Fireworks will explode across the U.S. on July 4th, but don’t expect any from the European Central Bank Thursday. They set theirs off last month with rate cuts and bank-lending measures.
Still, ECB chief Mario Draghi may be pressed to provide details on lending programs and preparations to purchase asset-backed securities. With inflation at 0.5%, well below the ECB’s 2% target, Mr. Draghi already faces calls to do more.
Here are five key questions heading into Thursday.
#1: Will There Be Any More Detail on Long-Term Loans?
ECB watchers will be eyeing any new information on the four-year bank loans announced in June, specifically how the ECB plans to ensure they find their way to businesses. Under the program, banks failing to boost lending must repay the loans early, but this still gives them a “a two-year window for carry trades,” said UniCredit economist Marco Valli, referring to the practice of borrowing at low rates and investing in higher yielding government bonds.

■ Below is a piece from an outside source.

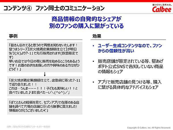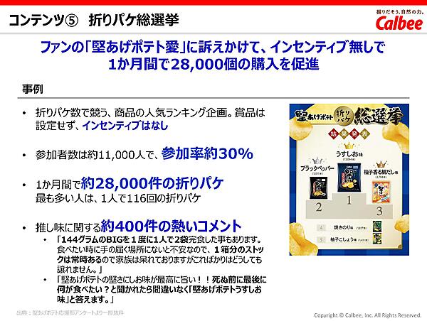 こうした「堅あげポテト応援部」の取り組みから、購入実績のある“真のファン”との関係構築によって、SNSなどの匿名性の高い場での意見収集だけでなく、実際の購買データと紐づいたコミュニケーションが可能となり、より信頼性の高い商品開発へとつながった。また、キャンペーンを起点として、オフライン・オンラインの両方でファン同士の交流を促進することで、より深い絆を築き、それがブランドロイヤルティの醸成にも寄与した。

#2: And On the Asset-Backed Securities Plan?
In June, Mr. Draghi said that the ECB would “intensify preparatory work” on purchases of bundled loans. It probably won’t be ready to do this for many months, but could provide an update on its plans. “ABS buying will come when regulation has changed and loan transparency is a given. We believe this is unlikely” before early next year, said Astrid Schilo of Exane BNP Paribas.
#3: What’s the Forward Guidance Now?
Mr. Draghi has signaled rates will stay super low for up to four years. This would likely put the ECB far behind the Fed and Bank of England on rate hikes. Thursday’s meeting may reveal how widely Mr. Draghi’s view is shared within the 24-member rate board.

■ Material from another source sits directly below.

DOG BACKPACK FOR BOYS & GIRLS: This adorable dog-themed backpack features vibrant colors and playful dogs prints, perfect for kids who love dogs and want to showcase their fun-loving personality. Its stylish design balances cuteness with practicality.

#4: What Will Mr. Draghi Say About Quantitative Easing?
A large-scale program of private and sovereign bond purchases remains an option and the IMF has urged the ECB to consider it. But officials are likely to hold off for now given resistance in Germany. Still, the ECB may provide clarity on the triggers it has in mind on launching QE.

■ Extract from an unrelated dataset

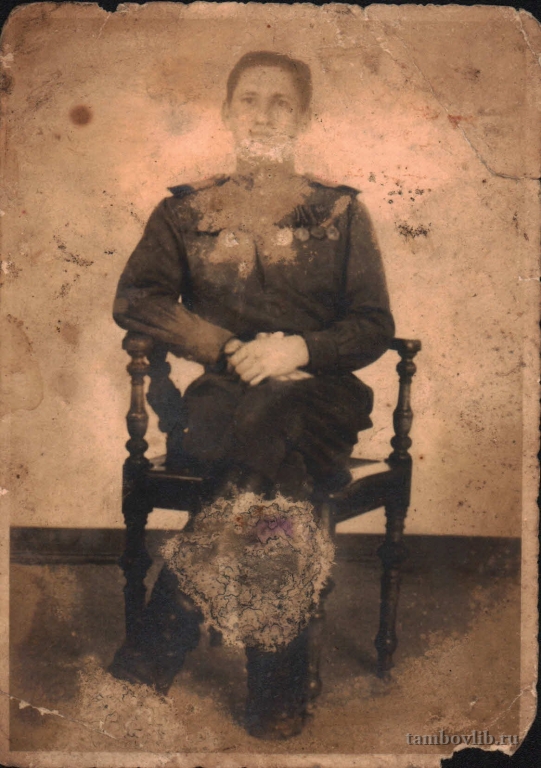 Уроженец с. М. Кулики Моршанского района Тамбовской области (1926-1988), прошел войну (5 лет оставался в Германии) - служил в звании гвардии сержанта, награжден орденом «Отечественной войны II степени», медалью «За боевые заслуги», «За победу над Германией», «За взятие Берлина» (номер расчета Моторизованного батальона автоматчиков). Фотография из архива Деевой Светланы Александровны.18 марта 1949 ТОУНБ Портрет Германия

#5: What Will the Euro Do?
The euro fell after the ECB announced its easing steps on June 5 but the drop didn’t last, raising pressure to do more to weaken the currency and boost exports and inflation. “The euro is overvalued, which is bad for our industry and our growth,” French Prime Minister Manuel Valls told Les Echos. Look for Mr. Draghi to be pressed Thursday on whether he shares France’s concern.